Mathews joined the gas pipeline and compression industry in 1991 with Tenneco, where he spent nine years in engineering, maintenance and analysis before joining Hoerbiger in 2000. There, he became senior vice president and general manager for their Engineering Services (HES) team. HES was acquired by Cooper in 2020.

Smith is VP of sustainability & emerging tech at Cooper Machinery Services. He is a 20-year veteran of the compression industry who specialized in the design of emissions reduction technologies for large power generation and gas compression engines while at Cameron Inc. He has held engineering and sales management roles and received his P.E. certification in Colorado.

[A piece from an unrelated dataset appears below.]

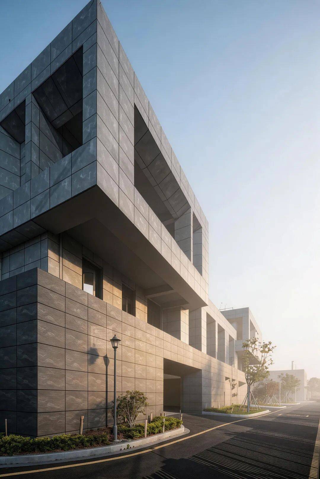 文化符号:外墙定制书法笔触或水波纹纹理的发泡陶瓷板,在阳光下形成细腻光影,赋予工业建筑江南地域文化的“表情”。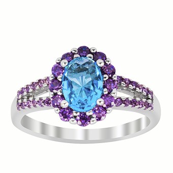 Verigheta veritabila din argint 925, placata cu platina, pietre semipretioase Blue Topaz si Ametist create in laborator, special pentru tine.

Joel Sanford, senior key expert, Technology and Innovation Group at Siemens Energy, spoke with Steve Chaykosky, who is senior key expert in Reciprocating Compressor Engineering group at Siemens Energy.

The two discussed valve performance, a key element for reliability and efficiency of reciprocating compressors. They noted that, although hydrogen is just gaining notice in some markets, the gas has been used for decades in a number of industries. Siemens’ Magnum valves were first applied to hydrogen applications in 1997 and are designed to withstand high differential pressures and discharge pressures and can be used in all stages of compression.

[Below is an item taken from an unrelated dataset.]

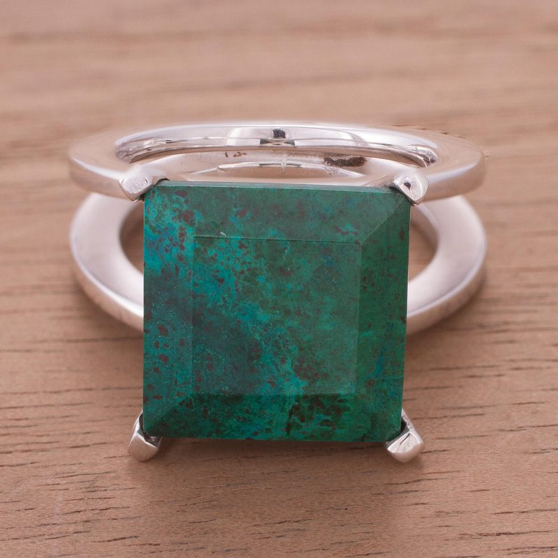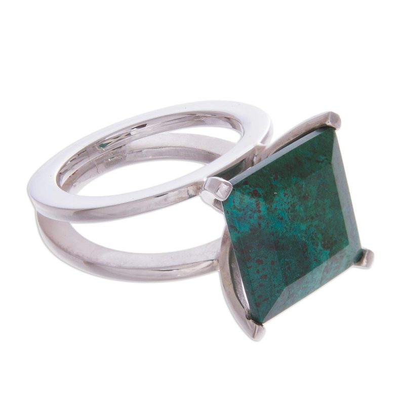 Evoking endless prairies, chrysocolla poses atop twin bands of silver. Carmen Anocibar designs a contemporary ring that combines precise geometry with the warmth of natural elements.

They presented a case study about a U.S. refinery's hydrogen compressors. Between 2000-2002, the refinery's fleet of 21 compressors (with 50 cylinders in continuous operation averaged 16 valve failures a year. To avoid unscheduled down time, the company would simply have a crew of mechanics change valves every three to four weeks.

Using the same compression fleet, the refinery installed Magnum valves in 2003, with most cylinders being outfitted with the Magnum valves by 2007. The number of valve failures dropped to an average of two a year.

Impact of IRA

After the technical presentations, delegates heard a panel discussion entitled, "The changing shape of our energy infrastructure." Noureen Faizee, director, strategy & growth – hydrogen at Worley; Luiz Soriano, sales and business development manager at Siemens Energy; and Patrick McCalley, sales and product manager, hydrogen economy- Americas, with NEA Group, took part.

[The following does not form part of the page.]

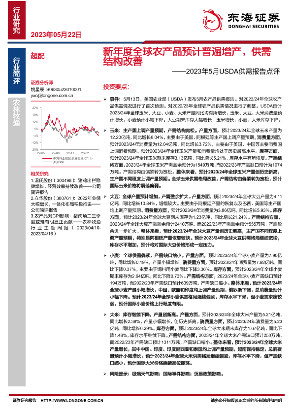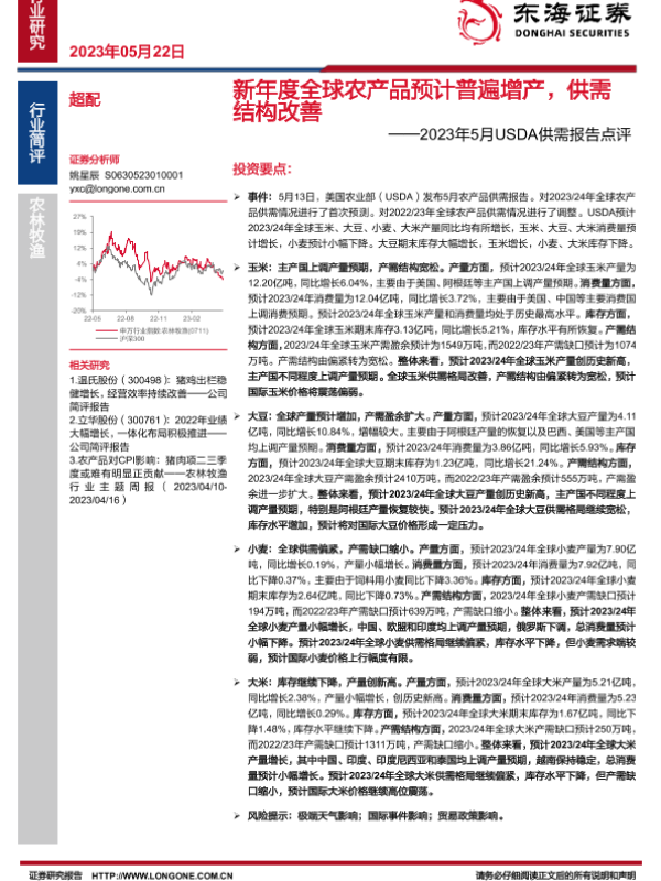 【东海证券】【20230522】2023年5月USDA供需报告点评-新年度全球农产品预计普遍增产,供需结构改善-10页

The panelists talked about the effects of the Inflation Reduction Act on capital investments toward alternative energy and what that might mean for hydrogen compression. The Inflation Reduction Act offers a tax credit for hydrogen production, known as the "45V" tax credit, subsidizes either investment in clean hydrogen production or hydrogen production itself. The value of the 45V credit increases as the life-cycle emissions associated with hydrogen production decrease.

In the short term, the increased tax credit for carbon capture and sequestration, a credit known as "45Q," also could have a large effect on reducing emissions associated with hydrogen production. Some suggest that the tax credits in the IRA already are sufficient to make hydrogen production from natural gas with carbon capture and sequestration competitive with current hydrogen production without carbon capture and sequestration].

COMPRESSORTech2 plans on holding another Hydrogen Summit, likely in the Houston area, in April 2024.